編集Y:最近、このお話を日本でも指折りの認知症の研究者の方にお聞きしたら「そもそも、症状の進行を自分で把握できる方はめったにいません。実際にはまず無理でしょう」とおっしゃっていました。
小田嶋:そうそう。自分がどれくらいやばいかというのは、なかなか自分では分からないんだよ。
編集Y:その先生によると、「どこからが認知症なのか」という区分も実は曖昧で、「研究者として、今の自分自身を見れば、ああ、俺はゆっくりと認知症になりつつあるな、と考えることもできる」のだそうです。
小田嶋:うーむ。
健康と病気の区分も実はあやふやなものかもしれません。
編集Y:そのグレーゾーンが年とともに広がってくる、ってことでしょうかね。
岡:僕は時々、病院に小田嶋を訪ねて、経過を見ていたんだけど、同世代、しかも昔から知っているやつが入院しているとなると、結構自分の方が調子悪くなるんだよね。
ああ、それは分かる気がします。身につまされるお話ですね。
■「そういう夢」を持って生きねば
岡:小田嶋の病室を訪ねる度に、俺も調子が悪いな……というふうに、だんだん気分がうつってきて。そういうことを感じたのと、あと、全体として思ったのは、もう60歳を過ぎたら、誰でも死はそれほど遠くのものではないな、ということ。

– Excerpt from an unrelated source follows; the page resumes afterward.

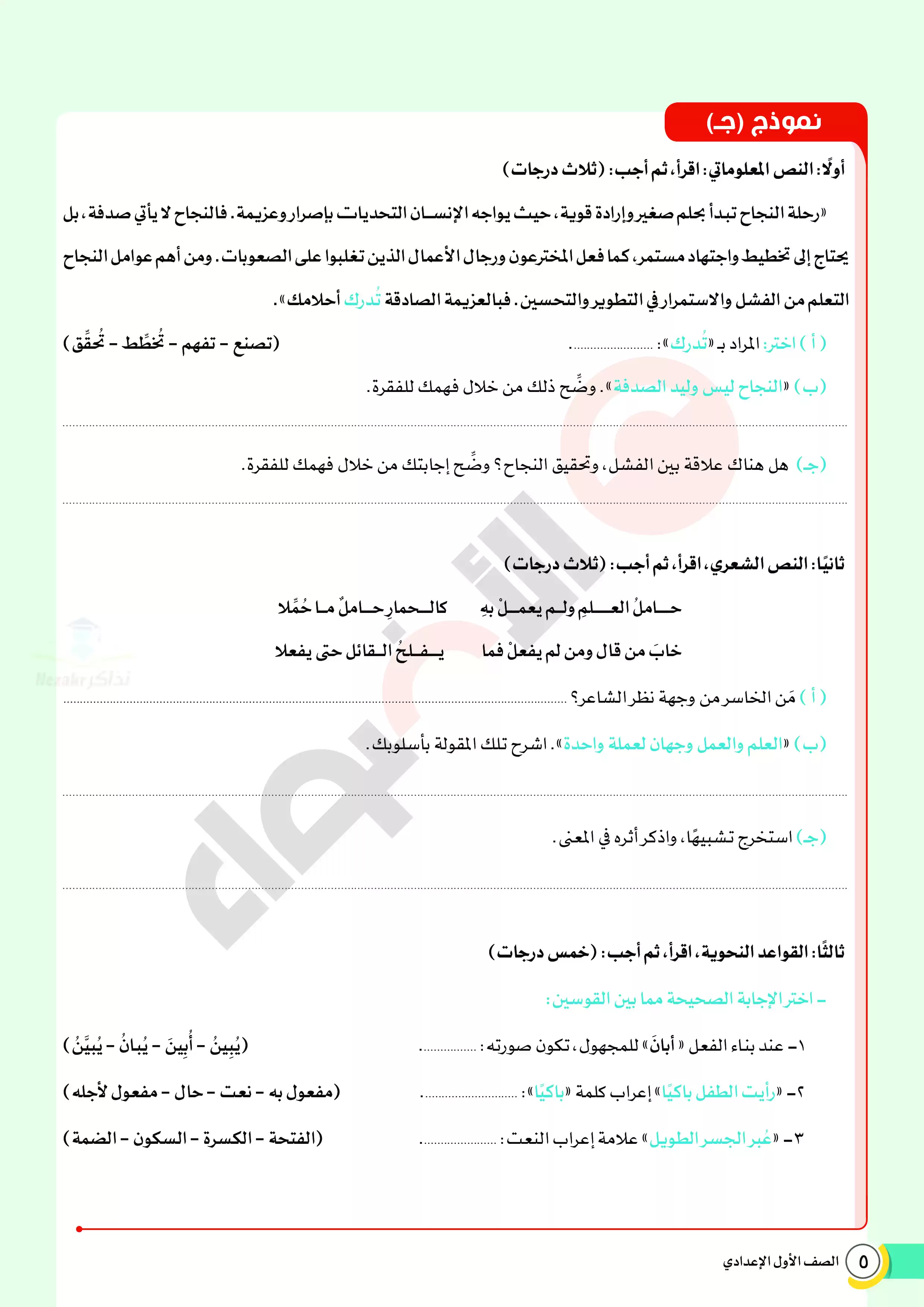 بيانات الملف: (اختبارات الأضواء الاسترشادية في العربي للصف الاول الاعدادي مقرر أبريل 2025 بالاجابات - Nezakr)

小田嶋:俺は死ぬなんてことはあんまり考えなかったけど、これが厄介な病気だった場合に、仕事を休まなきゃいけないとすると、ちょっと入院費も大変だなとか、入院費が大変なのは何とかなるとして、仮にいかんことになった時に、もしかするとこの出版界の常識としては、かえって需要が高まるという変な話になろうか、ということはちょっと意識したよね。
うーん、そこに行きましたか。
岡:そんなことを意識して、どうするの。
小田嶋:だから樹木希林さんなんかのベストセラーも、まさにそういうタイミングで、その辺のことは、この先ちょっと考えなきゃいけないな、とは思いましたね。
小田嶋隆、遺産をなす、みたいなことですか。
小田嶋:そうそう、ゴッホじゃないけど、あの人も生きているうちはあんまり大したことはなかった。でも、死んだら急に「ゴッホ、いたよね」みたいなことになり、俺にしても、そういうことに夢を持っていかなきゃいけない、というのがあった。
いやいやいや、これ、今、すごい話になっちゃいましたね。人生の諸問題がついに終活に及んできました。岡さんの方は大丈夫ですか。
岡:僕は昨年の秋に不整脈が起きました。